Despite these previous decisions grounding a broad reading of the FLSA’s scope, the majority held for employer SmithKline, ruling it had carried its burden, and that Auer deference was unwarranted because, among other things, the DOL regulations relevant to defining "outside salesman" were "ambiguous" and imposed potentially massive liability for conduct that occurred before the DOL’s interpretation was announced. Enforcing it would therefore "seriously undermine the principle that agencies should provide regulated parties 'fair warning of the conduct [a regulation] prohibits or requires.'" 132 S. Ct. at 2167, quoting Gates & Fox Co. v. Occupational Safety and Health Review Comm’n, 790 F.2d 154, 156 (D.C. Cir. 1986)(Scalia J.). The Court majority also put forth an estoppel rationale, reasoning that Auer deference was unwarranted because

"despite the industry’s decades long practice of classifying pharmaceutical detailers as exempt employees, the DOL never initiated any enforcement actions with respect to detailers or otherwise suggested that it thought the industry was acting unlawfully. . . . Other than acquiescence, no explanation for the DOL’s inaction is plausible."

Id. at 2168. Ruling that Auer deference was unwarranted, the Court instead decided to "accord the Department's interpretation a measure of deference proportional to the thoroughness evident in its consideration, the validity of its reasoning, its consistency with earlier and later pronouncements, and all those factors which give it the power to persuade." Id. at 2168-2169 (internal quotations omitted).

Addressing the statutory interpretation issue without deferring to the DOL, the majority found that detailers were "outside salesmen" exempt from FLSA overtime requirements. The Court reasoned that the FLSA exempted anyone "employed in the capacity of [an] outside salesman", 29 U.S.C. § 213(a)(1), and that the statute’s emphasis on "capacity" counsels in favor of a functional, rather than a formal, inquiry. Id. at 2170. The majority also relied on the DOL’s regulations, which define an "outside salesman" as an employee whose primary duty is "making sales," adopting the statutory definition of "sale". Id. at 2170-1. Pursuant to 29 U.S.C. § 203(k), "sale" or "sell" "includes any sale, exchange, contract to sell, consignment for sale, shipment for sale, or other disposition." According to the majority, the statute’s use of the words "includes," "any," and "other disposition," signaled Congress’ intent to define "sale" in a broad manner and to include transactions that might not be considered sales in the technical sense.
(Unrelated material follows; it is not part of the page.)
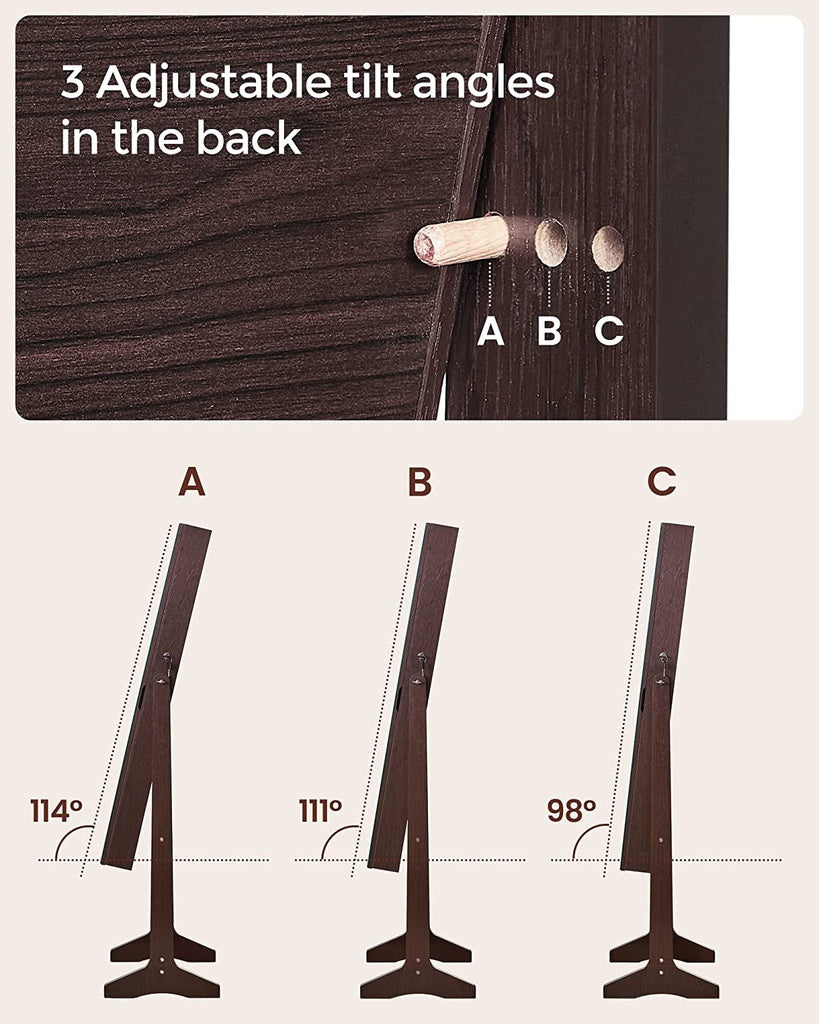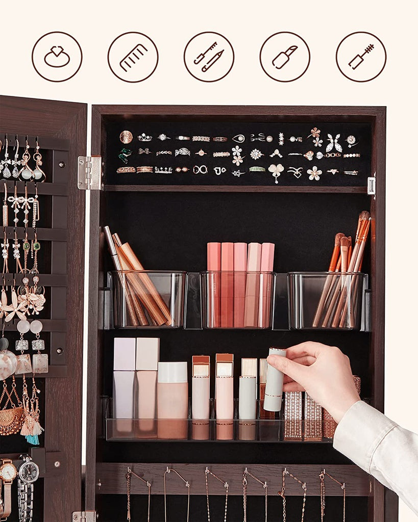 A Place Make Your Jewelry Feel at Home: Don't leave your cosmetics and jewelry messed up in drawers or at the mercy of dust! This jewelry mirror cabinet displays them like they're in a showcase, and the lockable design with 2 keys protects them both from dust and prying hands. They'll immediately feel at ease in this safe and refined jewelry cabinet!

Id. at 2171. The Court concluded:

"[o]btaining a nonbinding commitment from a physician to prescribe one of respondent’s drugs is the most that petitioners were able to do to ensure the eventual disposition of the products that respondent sells. This kind of arrangement, in the unique regulatory environment within which pharmaceutical companies must operate, comfortably falls within the catch-all of 'other disposition.'"

Id. at 2171. Justice Breyer dissented for the Court’s liberal wing, joined by Justices Ginsburg, Sotomayor, and Kagan. Id. at 2175. Justice Breyer actually agreed with the majority that the DOL’s interpretation of its FLSA regulations should not be given deference. Id. However, agreeing with the DOL and the Second Circuit, Justice Breyer argued that a drug detailer was not an "outside salesman" because he does not actually sell the product, but instead gets a “non-binding commitment", and does not otherwise fall under an exemption. Id. at 2177-2179.